─── Available records ───

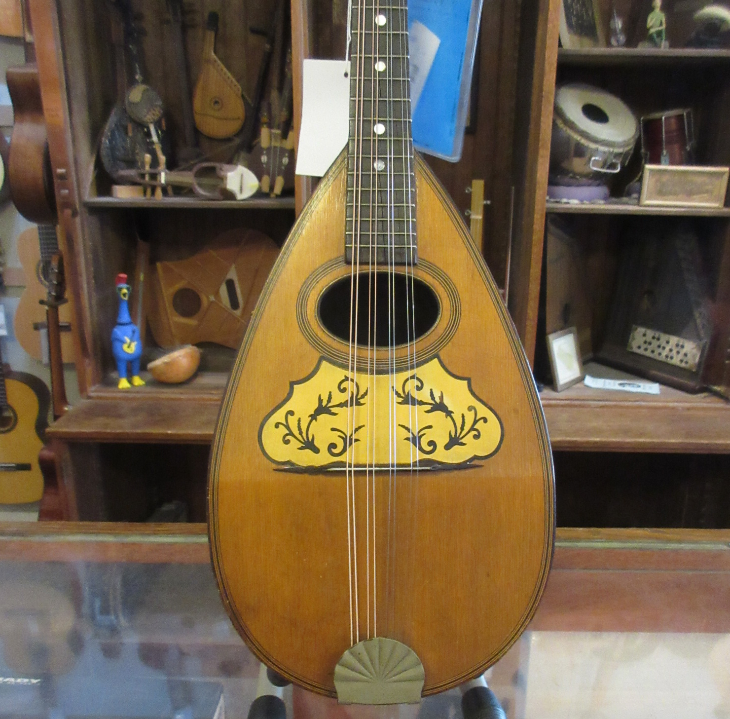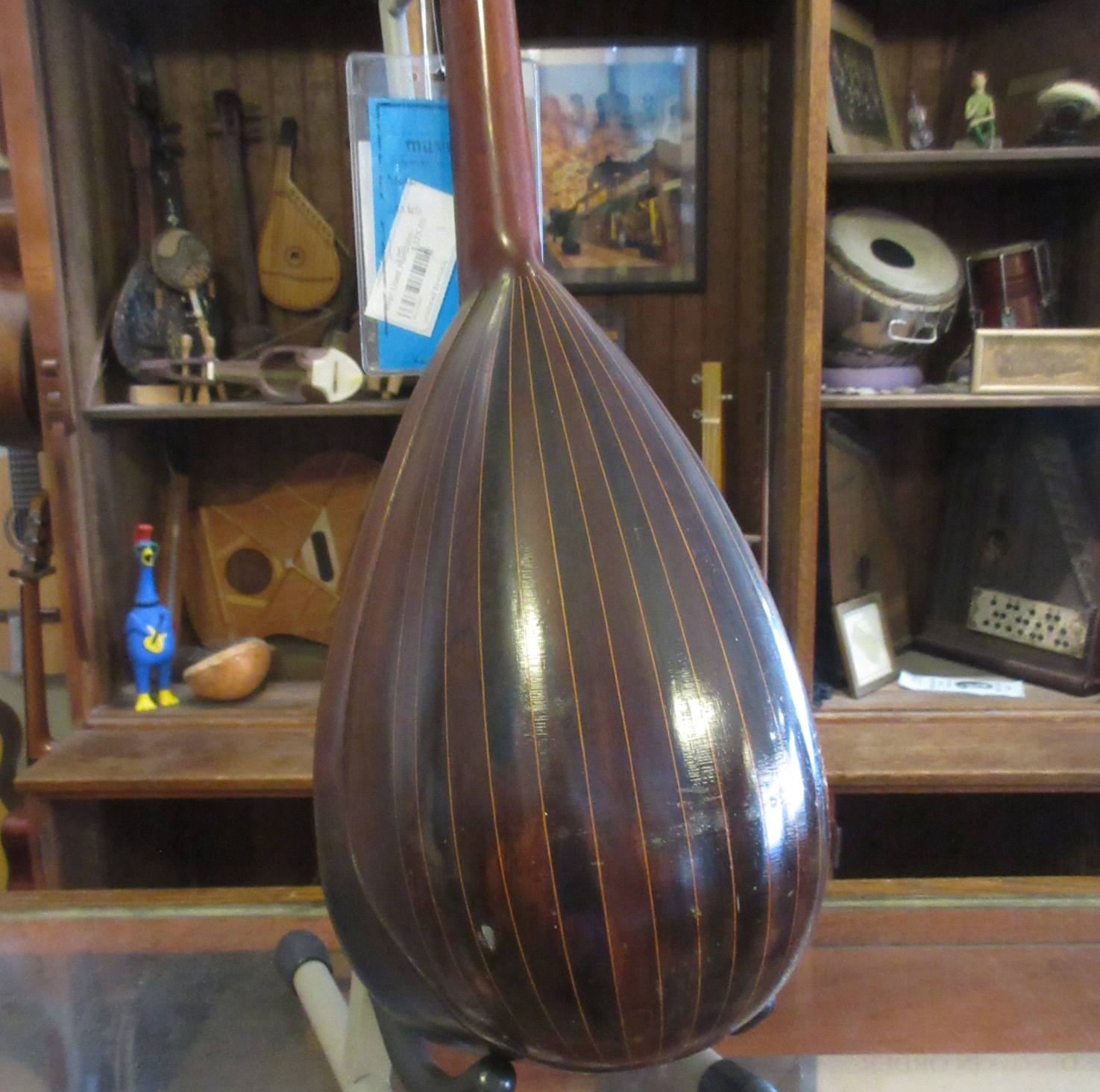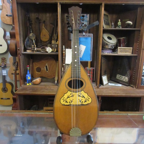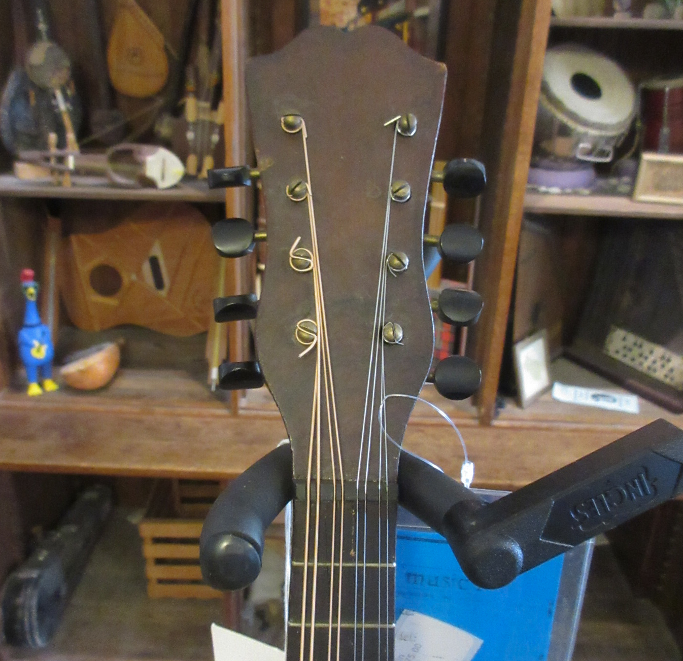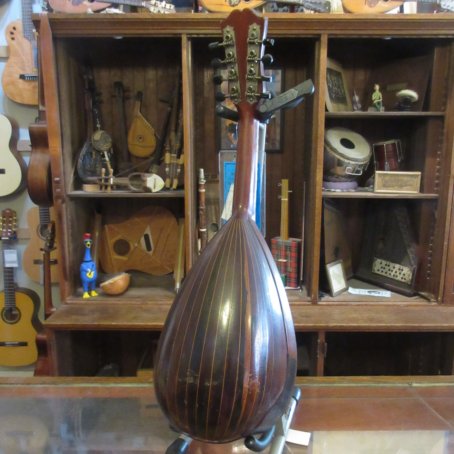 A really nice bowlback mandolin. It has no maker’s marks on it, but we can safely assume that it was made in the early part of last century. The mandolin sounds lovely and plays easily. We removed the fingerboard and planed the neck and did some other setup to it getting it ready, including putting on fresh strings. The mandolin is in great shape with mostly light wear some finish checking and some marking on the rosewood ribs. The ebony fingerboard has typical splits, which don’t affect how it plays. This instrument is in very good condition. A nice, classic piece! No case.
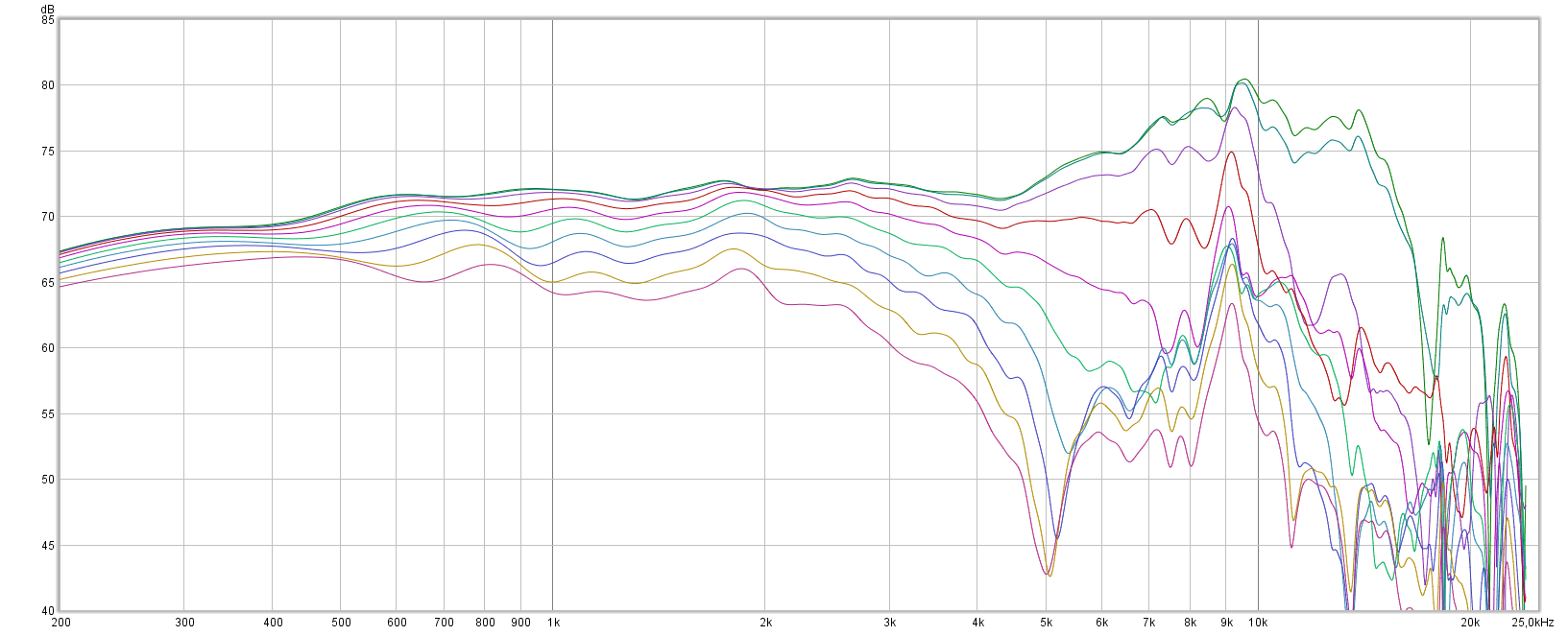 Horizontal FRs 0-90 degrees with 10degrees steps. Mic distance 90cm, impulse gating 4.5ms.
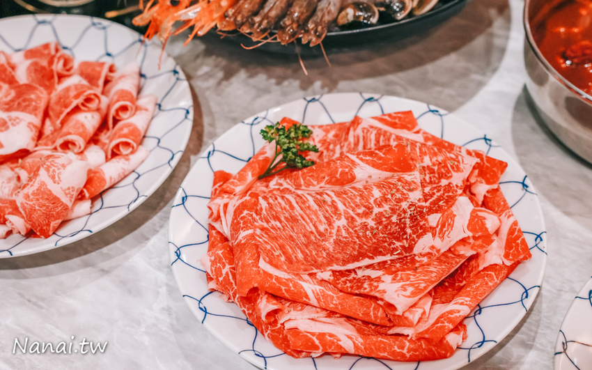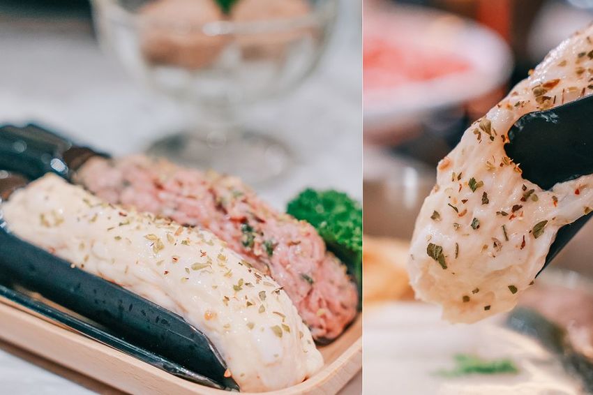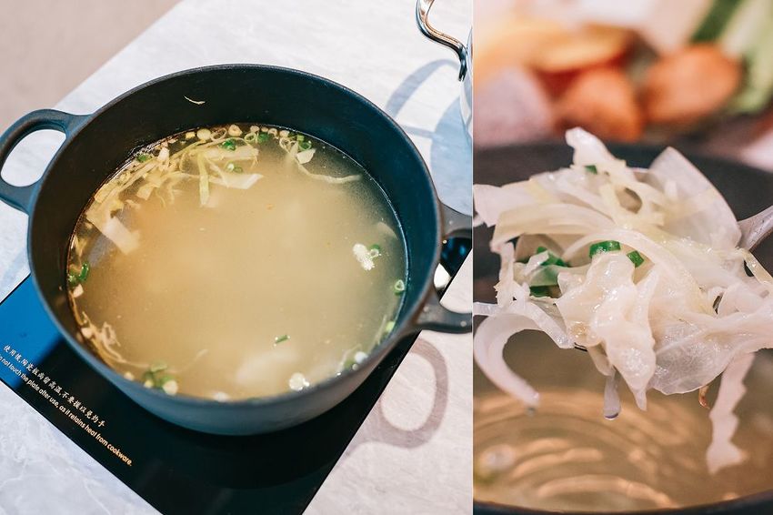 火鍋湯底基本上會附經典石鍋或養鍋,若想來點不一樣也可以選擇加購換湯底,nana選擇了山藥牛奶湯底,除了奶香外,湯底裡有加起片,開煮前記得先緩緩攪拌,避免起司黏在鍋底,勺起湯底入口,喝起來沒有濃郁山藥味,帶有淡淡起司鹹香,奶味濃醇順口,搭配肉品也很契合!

───
─── Available records ───

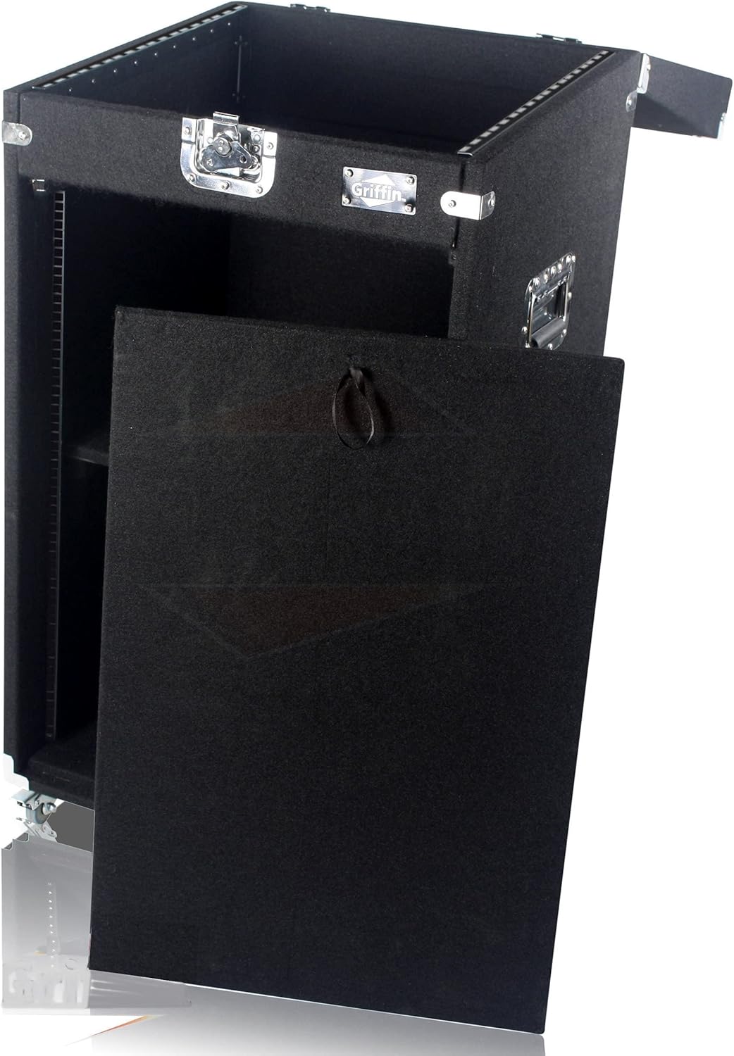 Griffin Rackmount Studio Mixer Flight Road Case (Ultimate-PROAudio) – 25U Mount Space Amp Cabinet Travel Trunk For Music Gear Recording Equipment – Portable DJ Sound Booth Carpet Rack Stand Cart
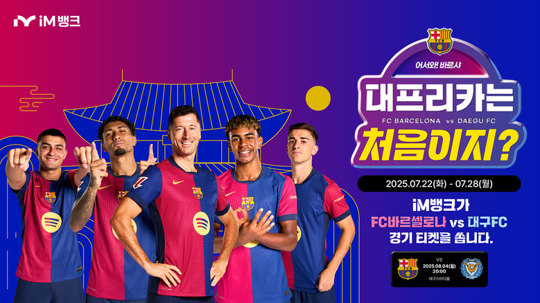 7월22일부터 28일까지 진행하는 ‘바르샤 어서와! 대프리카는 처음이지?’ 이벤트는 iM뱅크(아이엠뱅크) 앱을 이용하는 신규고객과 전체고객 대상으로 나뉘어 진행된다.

───

Each line between the one holding "A really nice" and the one holding "火鍋湯底基本上會附經典石鍋或", inclusive, should be copied exactly as it appears above, and pictures should be omitted.

• Your solution:
 A really nice bowlback mandolin. It has no maker’s marks on it, but we can safely assume that it was made in the early part of last century. The mandolin sounds lovely and plays easily. We removed the fingerboard and planed the neck and did some other setup to it getting it ready, including putting on fresh strings. The mandolin is in great shape with mostly light wear some finish checking and some marking on the rosewood ribs. The ebony fingerboard has typical splits, which don’t affect how it plays. This instrument is in very good condition. A nice, classic piece! No case.
 Horizontal FRs 0-90 degrees with 10degrees steps. Mic distance 90cm, impulse gating 4.5ms.
 火鍋湯底基本上會附經典石鍋或養鍋,若想來點不一樣也可以選擇加購換湯底,nana選擇了山藥牛奶湯底,除了奶香外,湯底裡有加起片,開煮前記得先緩緩攪拌,避免起司黏在鍋底,勺起湯底入口,喝起來沒有濃郁山藥味,帶有淡淡起司鹹香,奶味濃醇順口,搭配肉品也很契合!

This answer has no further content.